What carries the argument
Prime implicants identified or approximated from the model's internal activations, rendered as heatmaps that enforce both sufficiency and minimality for the selected visual concepts.
If this is right
- The resulting heatmaps remain interpretable to end users while carrying explicit logical guarantees absent from most saliency methods.
- No smaller collection of concepts will still guarantee the classifier output.
- The approach applies directly to standard deep vision classification models and surfaces decision-relevant concepts on benchmarks.
- Explanations become both visually coherent and free of redundant concepts.
Where Pith is reading between the lines
- If the prime-implicant approximation holds across architectures, it could support systematic comparison of what different models treat as essential for the same input.
- The minimality property might help isolate the exact features a model uses when predictions change under small input perturbations.
- Extending the method beyond vision could test whether similar implicant extraction works for other data types where decision boundaries are less spatially organized.
Load-bearing premise
Prime implicants can be identified or approximated from the internal activations of a deep neural network in a way that directly yields the claimed formal guarantees for visual concepts.
What would settle it
A concrete falsifier would be a generated heatmap where the isolated concepts fail to force the model's original prediction, or where removing one concept leaves a subset that still guarantees the prediction.
Figures
read the original abstract
The growing demand for transparency in automated decision-making has propelled eXplainable Artificial Intelligence (XAI) to the forefront of machine learning research. In computer vision, however, existing explanation methods often prioritize end-user accessibility at the expense of formal guarantees, leaving a critical gap between practical utility and theoretical rigor. In this paper, we address this gap by introducing OPTIMUS, a novel framework for generating concept-based visual explanations for deep classification models. OPTIMUS explanations take the form of visual heatmaps that not only remain interpretable to end users, but are grounded in the well-established theory of prime implicants, providing formal guarantees that have been largely absent from existing saliency-based methods. Specifically, OPTIMUS explanations satisfy two desirable properties: sufficiency, ensuring that the highlighted concepts provably guarantee the classifier's prediction, and minimality, ensuring that no strict subset of those concepts retains this guarantee. Together, these properties yield explanations that are both logically tight and visually coherent. We validate our approach on a visual classification benchmark, demonstrating that OPTIMUS heatmaps naturally and faithfully surface the decision-relevant concepts underlying model predictions.
Editorial analysis
A structured set of objections, weighed in public.
Referee Report
Summary. The paper introduces OPTIMUS, a framework for generating concept-based visual explanations (heatmaps) for deep vision classification models. It claims these explanations are grounded in prime implicant theory, satisfying formal guarantees of sufficiency (highlighted concepts provably entail the model's prediction) and minimality (no strict subset retains the guarantee).

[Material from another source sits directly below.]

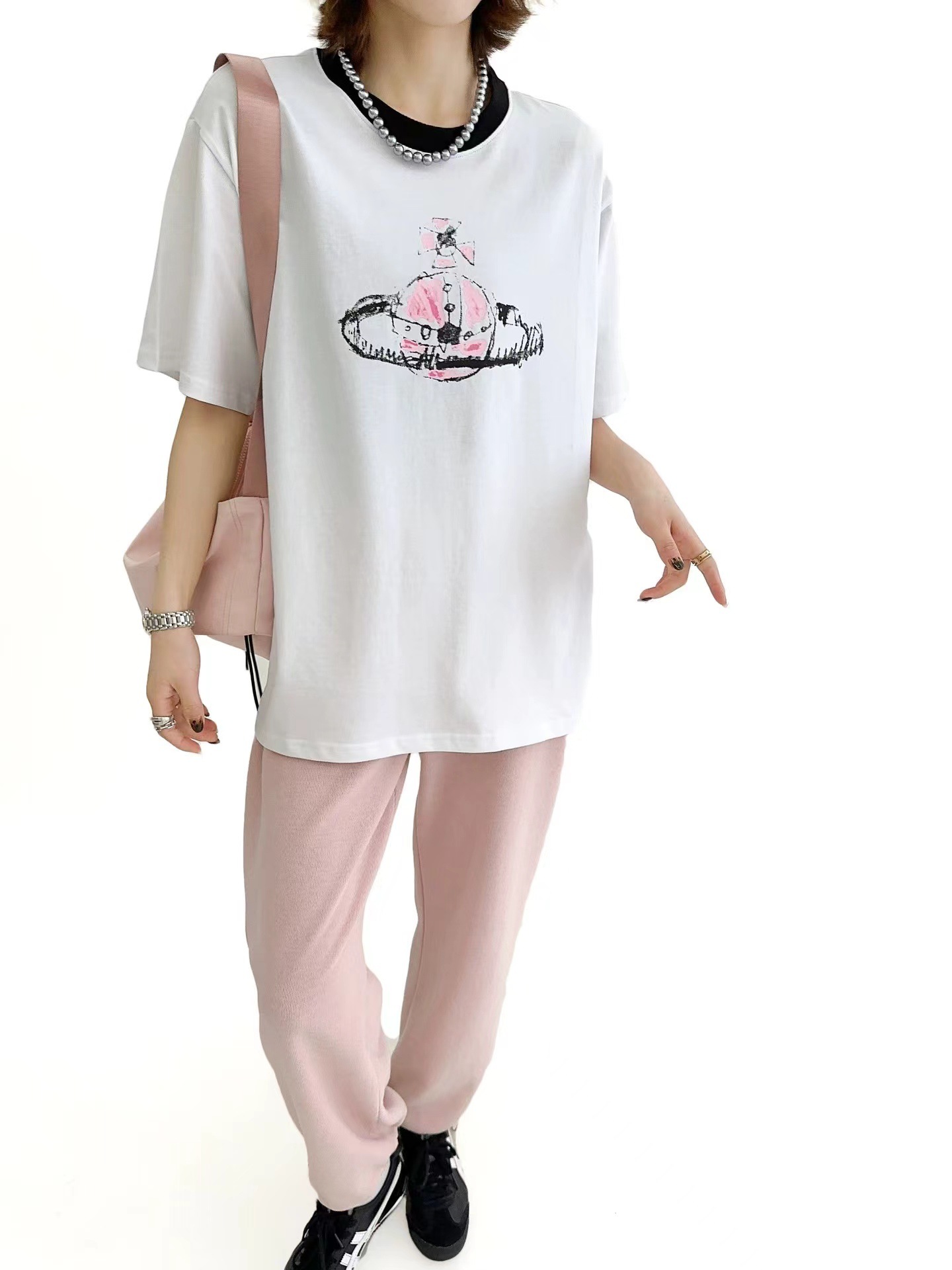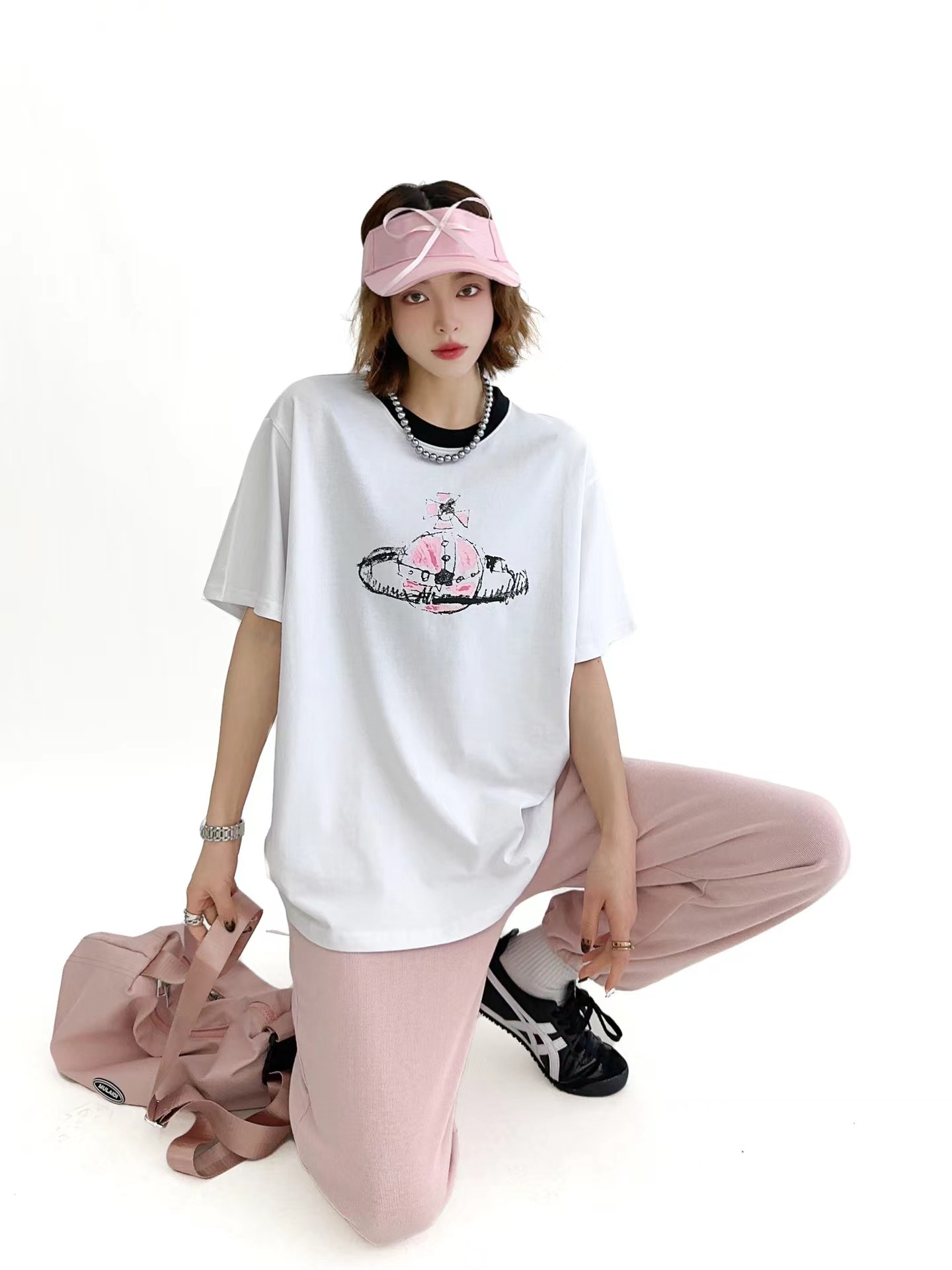 潮牌春夏新款土星印花短袖t恤潮牌宽松百搭休闲男女情侣款短袖上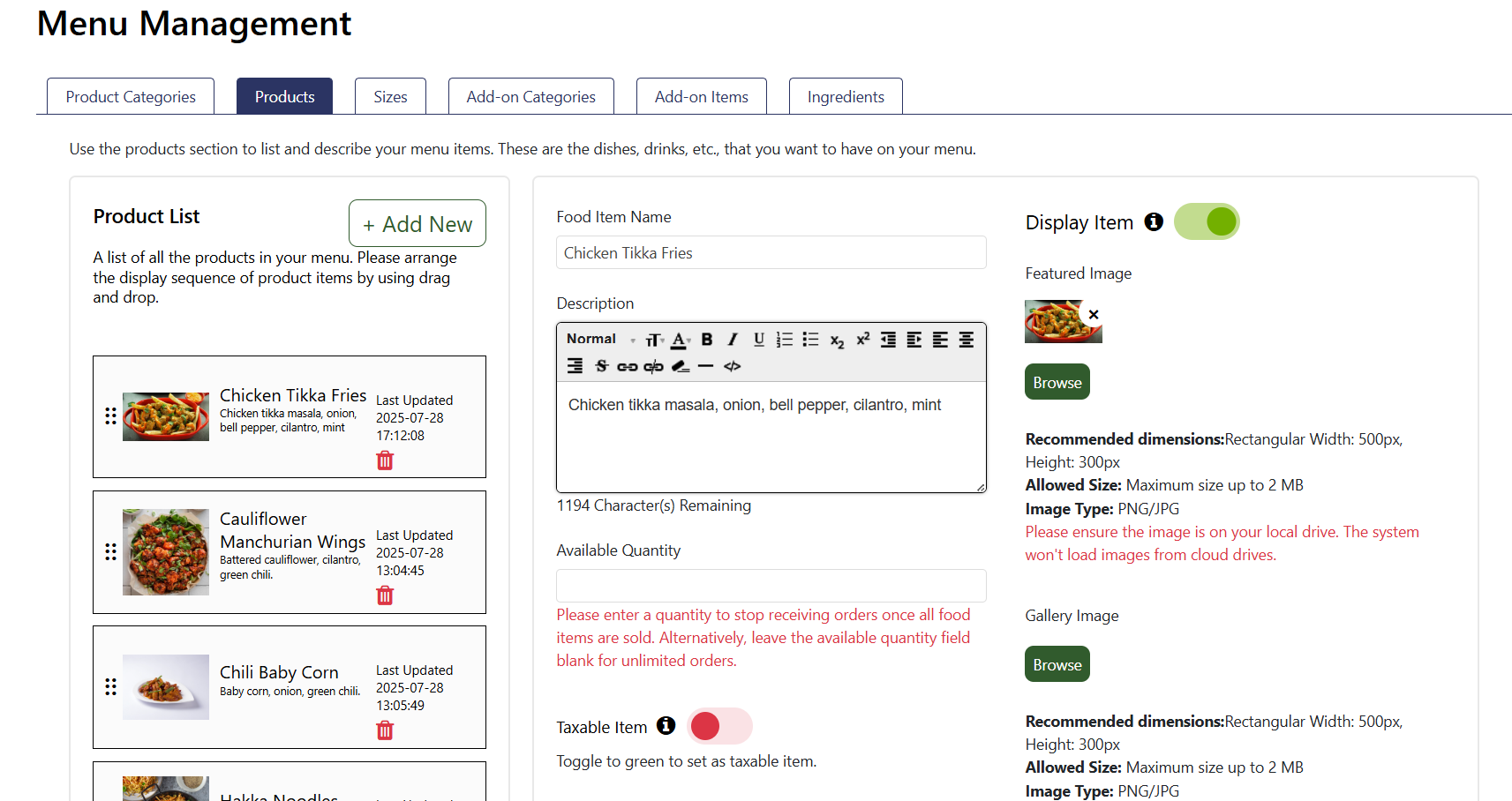 Products are individual menu items that you will sell. Click "Add new" and provide the Food Item's Name, Description, and category. You can turn the item's status on or off according to its availability.

Significance. If the formal guarantees are rigorously established, the work would be significant for XAI in computer vision by supplying theoretically grounded explanations with logical tightness, a property largely absent from saliency methods. The approach of leveraging boolean function theory for visual concepts is a promising direction if the extraction process can be shown to preserve exact entailment.
major comments (2)
- [Abstract and §3] Abstract and §3 (method): The abstract asserts that OPTIMUS explanations 'provably guarantee' the classifier's prediction via prime implicants, but no derivation, algorithm, or proof is supplied showing how continuous DNN activations are mapped to discrete boolean literals such that the conjunction exactly entails the output for all inputs (not merely sampled ones). Without discretization error bounds or a demonstration that no counterexamples exist, the formal sufficiency claim reduces to an empirical property.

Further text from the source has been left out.